Никаким приметам Николай, конечно, не верил, да и мать никуда не уезжала, но все равно он остановился, спрятал назад пылесос. Как-то стыдно стало ему в такую минуту заниматься мелочным, ничтожным делом. Он сел в кресло, раскрыл наугад книгу, которая лежала рядом на столике, и стал читать:

«Старуха Анна лежала на узкой железной кровати возле русской печки и дожидалась смерти, время для которой вроде приспело: старухе было под восемьдесят».

Николай замер, не смея читать книгу дальше, не смея и не желая узнавать, умерла или нет неведомая ему старуха Анна. Он вдруг ясно и отчетливо понял, что чем бы ни стал заниматься сейчас, все будет напоминать ему о матери, о ее болезни. И тут уж никак не спасешься, нигде не спрячешься от мыслей и дум о ней. Да и не надо, наверное, прятаться…

Николай представил, что сейчас делается в больнице: в ординаторской, в операционной, в двух перевязочных, гнойной и чистой, в палатах и даже на кухне. Несколько лет тому назад он упросил Бориса, который работал тогда еще просто хирургом, взять его на операцию.

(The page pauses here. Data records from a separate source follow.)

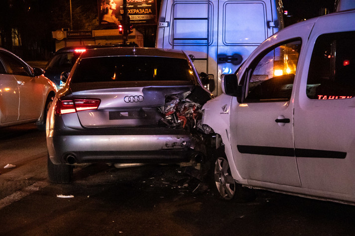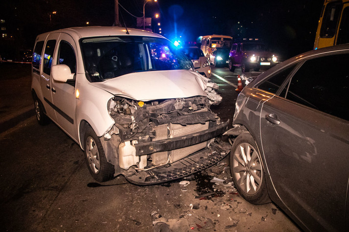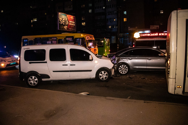У неділю, 14 квітня, в Києві сталася ДТП за участю двох автомобілів: на перетині Харківського шосе і вулиці Тростянецької Renault Kangoo влетів у Audi, що стояв попереду.
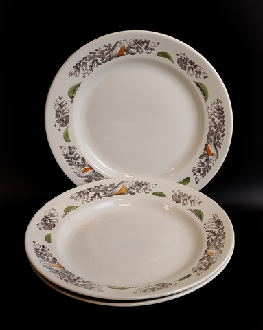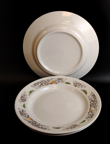 Набор из 6 тарелок (3 суповые и 3 под горячее), фарфор ЗИК, Конаково, "птички", винтаж времен СССР 1974-1991 гг. Высота суповой тарелки - 5 см, диаметр - 24 см. Высота тарелки под второе - 3.3 см, диаметр - 24 см. Состояние на фото, присутствуют следы бытования
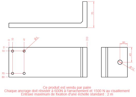 Ces pattes sont pré percées pour la fixation sur nos échelles et sont
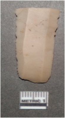 | Description / विवरण | It is a chert blade, both the sides are sharp and retouched. The ridges can be seen clearly on the dorsal surface, the vendral surface is plain, trapezodal in cross section. |

— Зачем тебе это? — с любопытством посмотрел на него Борис.

— Не знаю.

— Ладно. Только без обмороков.

— Постараюсь, — пообещал Николай.

Он действительно толком не понимал, не мог объяснить, зачем ему вдруг захотелось побыть на операции. Скорее всего из самого обыкновенного любопытства, из желания увидеть, узнать еще незнаемое.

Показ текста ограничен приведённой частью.